__EXERCISE__: Look below for the line with "Digital Sheet Music" and the line with "из выбранного объекта.". Copy exactly those two lines and every line between, but not the pictures.

(Records from a collection)
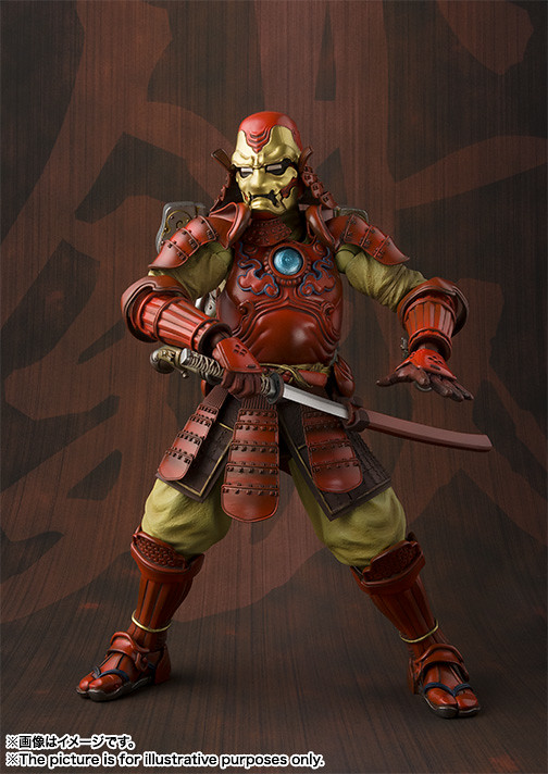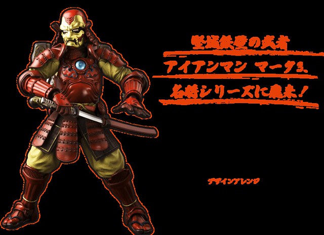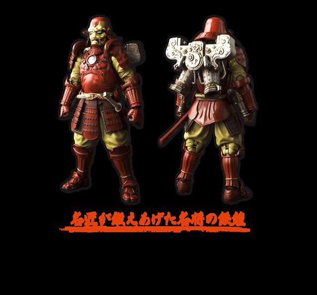 將美漫MARVEL經典的「鋼鐵人Iron Man」造型結合日式戰國時代的風格,以及「竹谷隆之」老師所精心設計的武士造型,並且以鋼鐵人可以「馳騁天空」的發想來打造飛行鋼鐵武士的裝甲造型!將經典的英雄角色化身為超強日本武士,身後巨大飛行背包上有著日式花紋雕飾的模樣,火槍砲也特別設計於手腕下方來呈現"鋼鐵人"時候的掌心發射孔,這樣轉化的巧思十分俯和「鋼鐵侍」的風格啊!
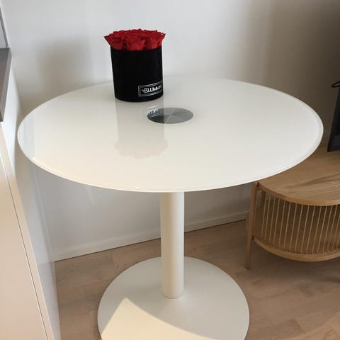 Minimalistinen muotoilu ja tukeva keskijalka tekevät pöydästä näyttävän mutta kevyen näköisen
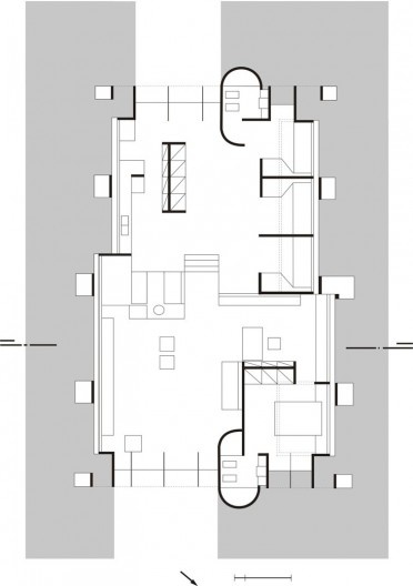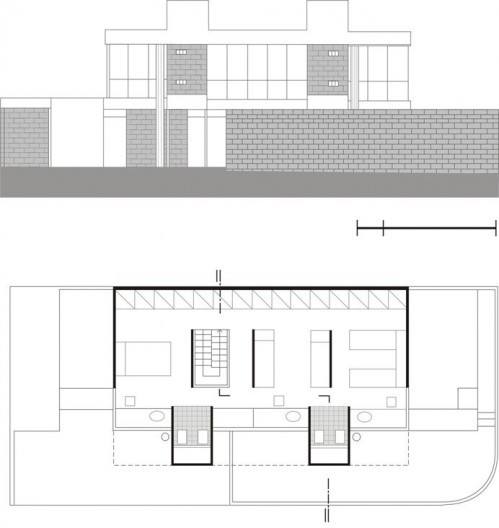 Esta casa foi desenhada por Flavio Império dois anos depois de sua participação na oficina de Joaquim Guedes, que experimentou deste tipo de cobertura em projeto residencial um ano antes.
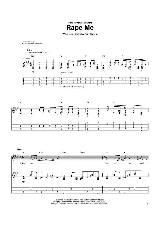 Digital Sheet Music for Rape Me by Kurt Cobain, Nirvana scored for Guitar Tab; id:371156
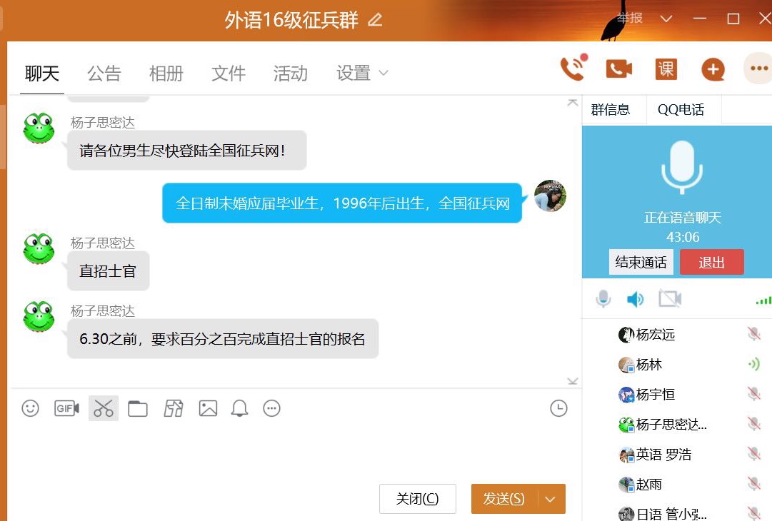 为加强征兵政策宣传,做好2020届毕业生征兵宣传动员工作,5月25日晚八点,外语学院组织线上会议,党委副书记杨林、学团办主任杨子赟以及学院毕业班全体男生参加了此次会议。
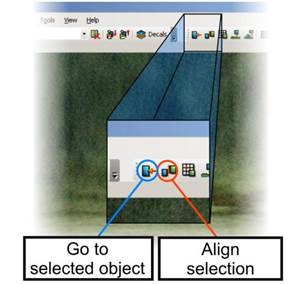 Для использования функции " перейти к выбранному объекту" (go to selected object), выберите нужный вам объект, и нажмите на иконку, изображенную ниже, камера переместится к объекту, который вы выбрали. Для использования функции " совместить объекты" (align selection), выберете объект, нажмите кнопку " совместить объекты" (align selection), затем выберете объект с которым хотите совместить. Все преобразования (положение, вращение, масштабирование) будут скопированы из выбранного объекта.
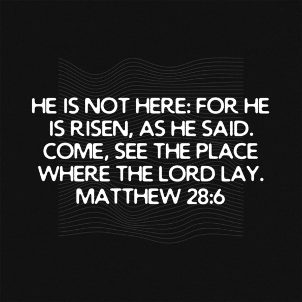 He is Risen Posted on April 4, 2021 by Guylaine S Gamble www.bible.com/1/mat.28.6.kjv Share this: Share on Facebook (Opens in new window) Facebook Share on X (Opens in new window) X Share on Pinterest (Opens in new window) Pinterest Share on LinkedIn (Opens in new window) LinkedIn More Email a link to a friend (Opens in new window) Email Share on Tumblr (Opens in new window) Tumblr Share on Reddit (Opens in new window) Reddit Print (Opens in new window) Print Like Loading...
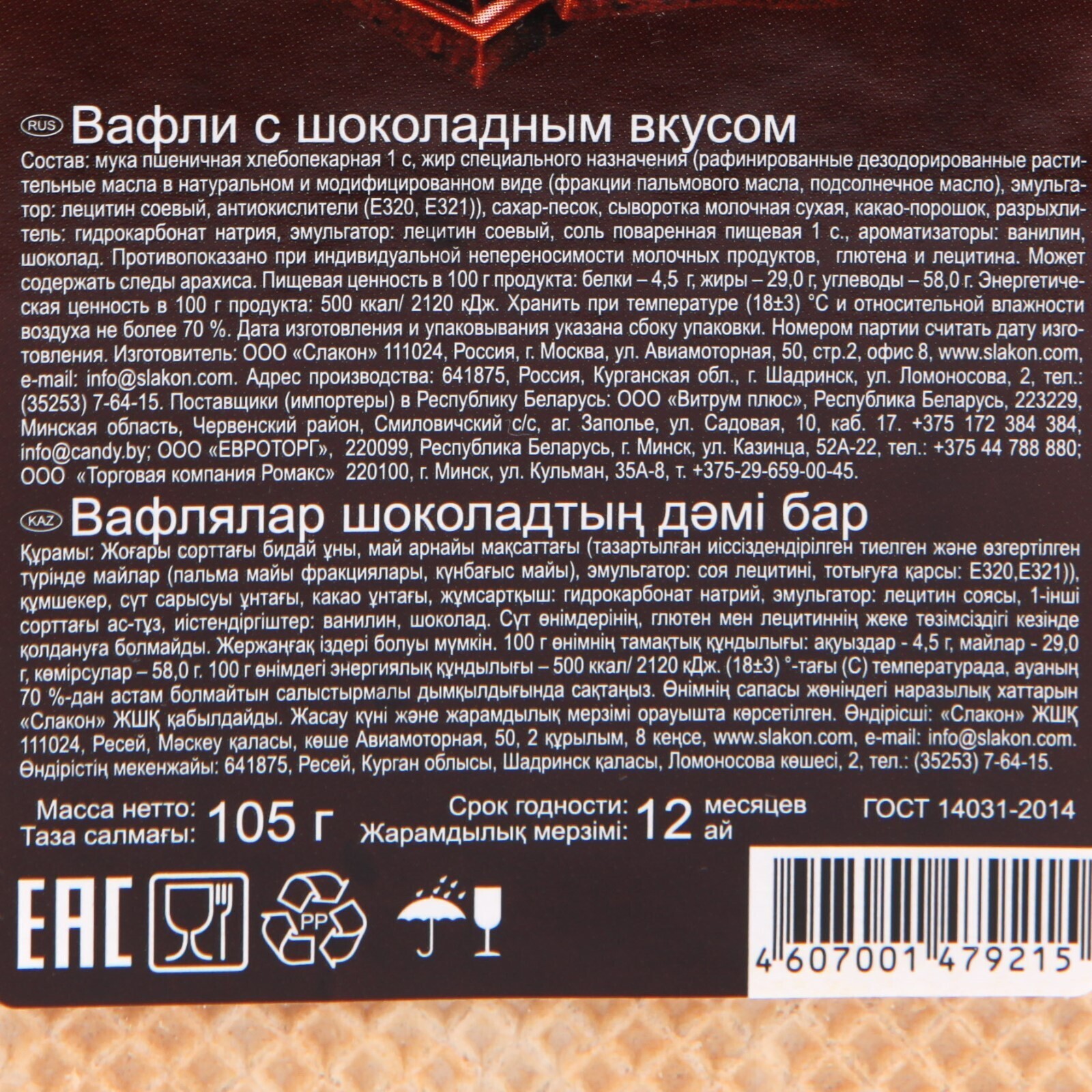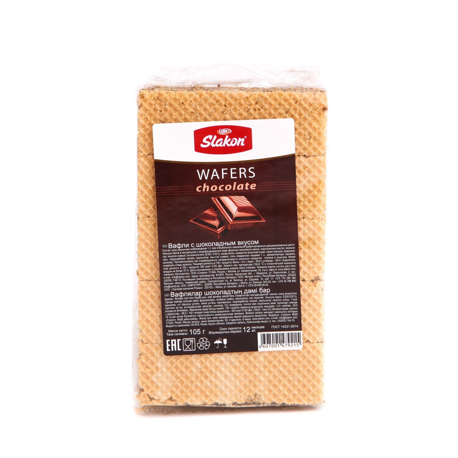 Вафли Slakon шоколадный вкус 105г/Слакон
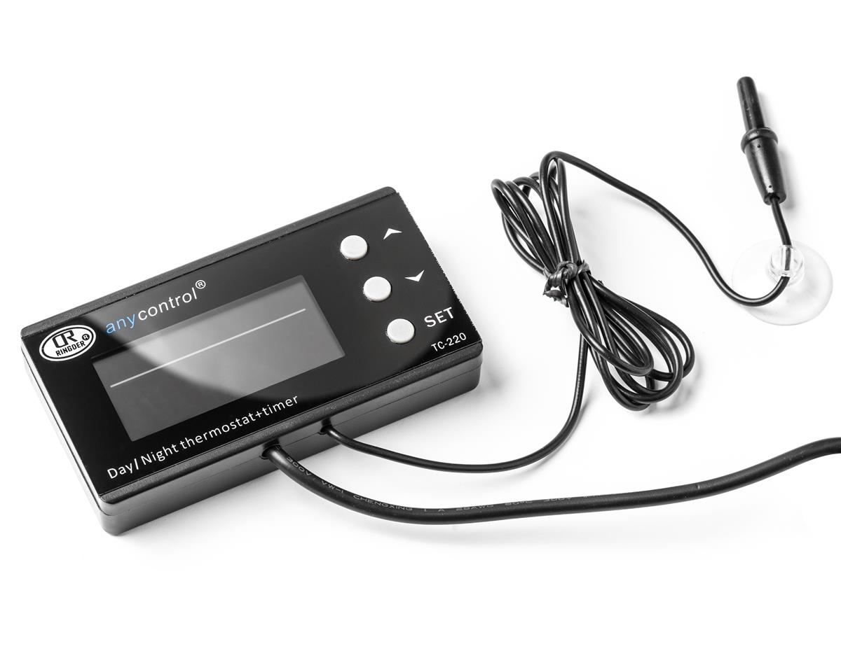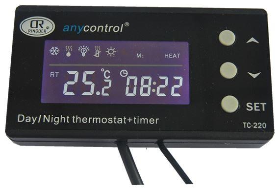 RINGER TC-220 wyposażony jest w duży czytelny i podświetlany wyświetlacz LCD. Urządzenie jest łatwe w programowaniu a możliwość montażu w pokrywie akwarium lub w terrarium pozwala na szybką adaptacje urządzenia w każdym wybiegu. Pełna kontrola, spadku czy wzrostu temperatury i zmiany oświetlenia, sprzyja dobremu samopoczuciu pupila oraz pobudza apetyt, zachowania rozrodcze oraz pozwala wywołać sen zimowy. Urządzenie zapamiętuje ustawienie w przypadku braku prądu.

__ANSWER TO THIS EXERCISE__:
 Digital Sheet Music for Rape Me by Kurt Cobain, Nirvana scored for Guitar Tab; id:371156
 为加强征兵政策宣传,做好2020届毕业生征兵宣传动员工作,5月25日晚八点,外语学院组织线上会议,党委副书记杨林、学团办主任杨子赟以及学院毕业班全体男生参加了此次会议。
 Для использования функции " перейти к выбранному объекту" (go to selected object), выберите нужный вам объект, и нажмите на иконку, изображенную ниже, камера переместится к объекту, который вы выбрали. Для использования функции " совместить объекты" (align selection), выберете объект, нажмите кнопку " совместить объекты" (align selection), затем выберете объект с которым хотите совместить. Все преобразования (положение, вращение, масштабирование) будут скопированы из выбранного объекта.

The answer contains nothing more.